Depuis que je sais lire, j’ai lu, feuilleté, dévoré des centaines de magazines et revues : à sept ans et des poussières, ma soeur et moi nous basions sur les fiches-recettes de Femme Actuelle pour concocter les repas du samedi midi (il m’en reste d’ailleurs un très bon souvenir d’escalopes de dinde façon dijonnaise), les posters tirés des magazines pour ados jonchaient le sol et tapissaient les murs de ma chambre, les féminins firent leur entrée avec Jeune et Jolie (et pourquoi pas Vieille et Moche ?) puis très vite ELLE car il avait au moins cet avantage sur le précédent de comporter des pages littérature et cinéma. Encore aujourd’hui, mon coiffeur me garde les fiches-recettes du ELLE car la divine Élisabeth Scotto les maintient à un très haut niveau, mais si je continue à les feuilleter chez le médecin, c’est d’un oeil de plus en plus distrait, car leur contenu à tous est quand même faiblement renouvelé. Qui plus est, avec mes années de pratique, l’excitation de la découverte du dernier motif vestimentaire à la mode a fait place à une monotonie, une sensation d’ennui en tournant des pages de papier glacé où les modèles, les actrices interviewées à l’autre bout du fil (Paris-L.A.) et le-maillot-de-l’été-à-la-coupe-avantageuse sont absolument interchangeables. Certaines de mes copines les surnomment les « vide-cerveaux ».

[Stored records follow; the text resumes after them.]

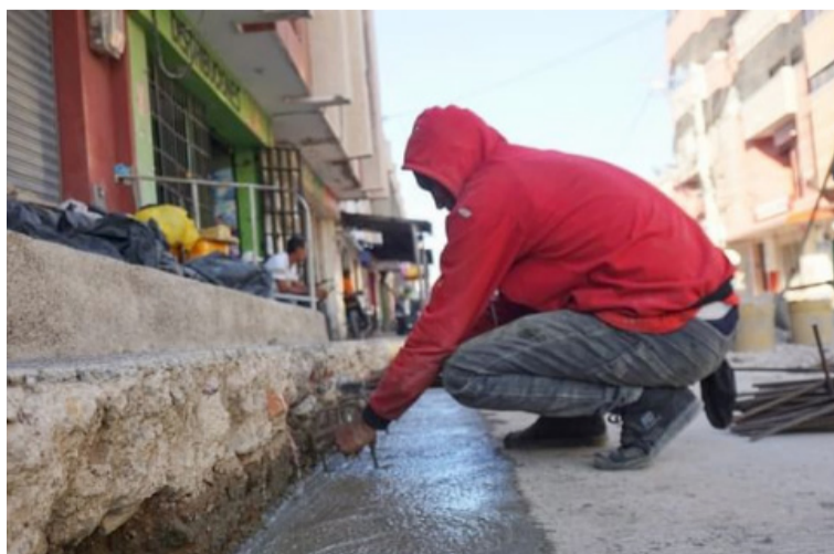
En Maicao realizan seguimiento periódico y dialogan con la comunidad sobre el desarrollo de las obras.

La administración municipal viene haciendo seguimiento al avance de las obras de inversión que se adelantan en diferentes sectores de Maicao.
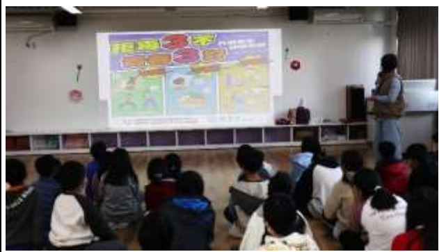
10. 結合衛生所辦理衛教宣導-防制藥物濫用
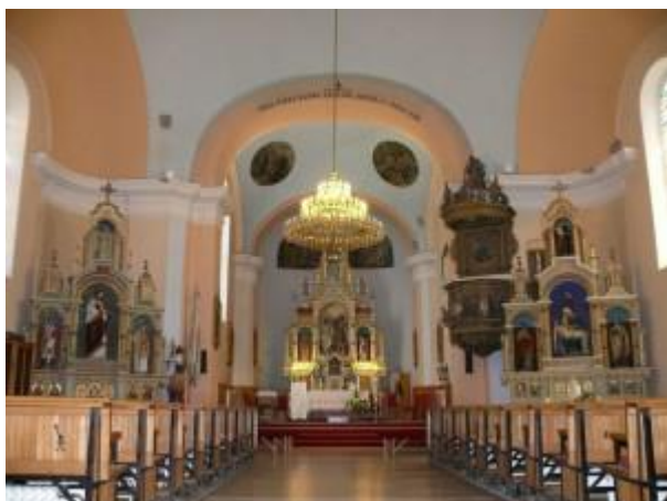
Slika 6. Crkva Svetog Ivana Krstitelja
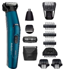
MT890E € 10 CASHBACK € 79,90
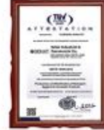
گواهینامه بین المللی سنجش رضایت مشتری ISO 10004 : 2012
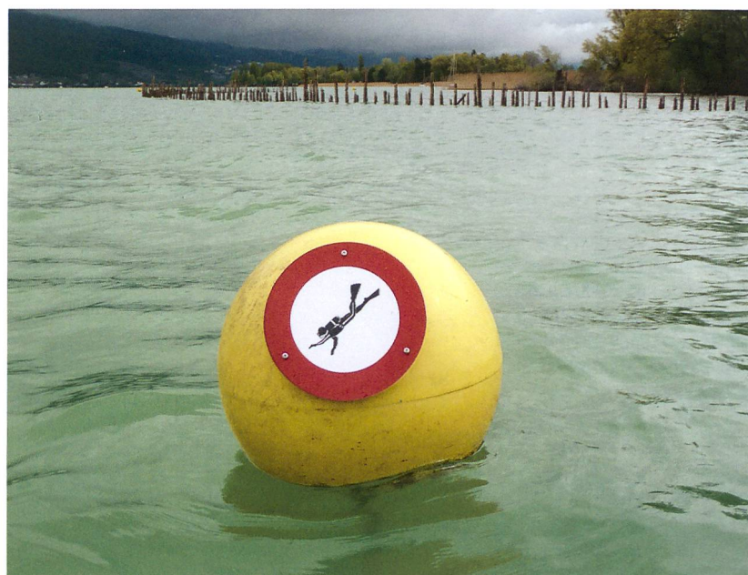
Abb. 3: Sutz-Lattrigen, Rütte. Zum Schutz der archäologischen Fundstelle musste zum ersten Mal in der Schweiz ein Tauchverbot aus denkmalpflegerischen Gründen erlassen werden.

Abb. 2: Sutz-Lattrigen, Rütte. Wind und Wellen erodieren vor allem bei starken Stürmen Teile der archäologischen Fundschichten.
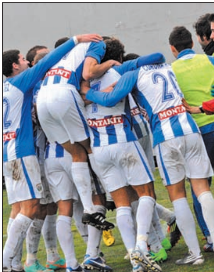
Los pepineros son sextos en la clasificación

Sin embargo, ese mérito no está sólo en manos del Leganés. Los pepineros necesitan hacer sus deberes, es decir, ganar en el campo del Caudal, y esperar a que el cuarto clasificado, el Fuenlabrada, caiga derrotado en su propio estadio ante el Coruxo.

Au lycée où je préparais le bac littéraire, j’étais abonnée à Beaux-Arts magazine et dans la chambre de notre dortoir nous nous échangions Le Magazine Littéraire qui formait une base pédagogique à l’élaboration des disserts de philo comme de lettres et fournissait un bon répertoire d’auteur(e)s. Puis il y a eu Le Matricule des Anges, La Quinzaine Littéraire, le cocasse et fantaisiste Tigre (découvert au Festival de B.D. de Colomiers).
Et, cet été, j’ai découvert un nouveau « féminin » qui m’a plu parce que, surtout, il n’en n’est pas un, ou plutôt il n’est certainement pas que ça.
Pour donner le ton (éditorial) muze est un mook* : ce mot est la contraction des termes magazine + book, et si le mook n’appartient ni véritablement à l’un, ni totalement à l’autre, il a tenté de créer un format hybride, une expérience de presse qui se love dans les rayons des librairies. muze est un trimestriel édité par les éditions Bayard. À ses manettes, la rédactrice en chef Stéphanie Janicot, également romancière, propose une ligne éditoriale très culturelle. muze propose beaucoup de dossiers consacrés aux arts plastiques, à la littérature dont les auteur(e)s sont féminines, souvent. J’apprécie notamment l’onglet « Atelier d’écriture », dans lequel chaque numéro donne à lire les conseils d’un(e) auteur(e), les nouvelles de lectrices et/ou d’écrivain(e)s publié(e)s.
Sur le bandeau de la couverture, c’est le titre du dossier « La peau, livre de nos émotions » qui a retenu mon attention et m’a finalement poussée à acquérir ce volume. Une très belle interview avec la dermatologue Danièle Pomey-Rey lui est consacrée, où la peau est abordée sous toutes ses coutures, comme une extension du cerveau dans la vie foetale, comme un étalage de nos émotions et affects à l’âge adulte. D’autres thèmes centraux pour la peau sont abordés : le tatouage, la scarification, le blanchiment, la pigmentation, les rapports subtils (et impossibles ?) entre le cinéma et la peau, entre la littérature et la peau.
C’est d’ailleurs l’occasion de découvrir ou de relire l’excellente Régine Detambel, kinésithérapeute de profession et merveilleuse romancière : elle est interrogée au sujet du toucher, elle qui a fait du corps le thème central de son oeuvre littéraire. La lecture de son très beau Petit éloge de la peau m’avait offert beaucoup de bien-être. J’en ai fait un petit talisman dans lequel je me replonge régulièrement : l’écriture très travaillée, érudite et profonde de Detambel nourrit et guérit. Enfin, cela est subjectif mais si vous la connaissez, dites-moi ce que vous en pensez. « Ce qu’il y a de plus profond dans l’homme, c’est sa peau » (Petit éloge de la peau, Saucissonnades, p. 51).
————————————————————————————-
*Il faut rendre à César…Terme déposé en 2007 par Henri Dougier, alors patron des très bonnes Éditions Autrement, pour la revue thématique qu’il venait de créer et qui devint le nom générique appliqué à ce format transgenre.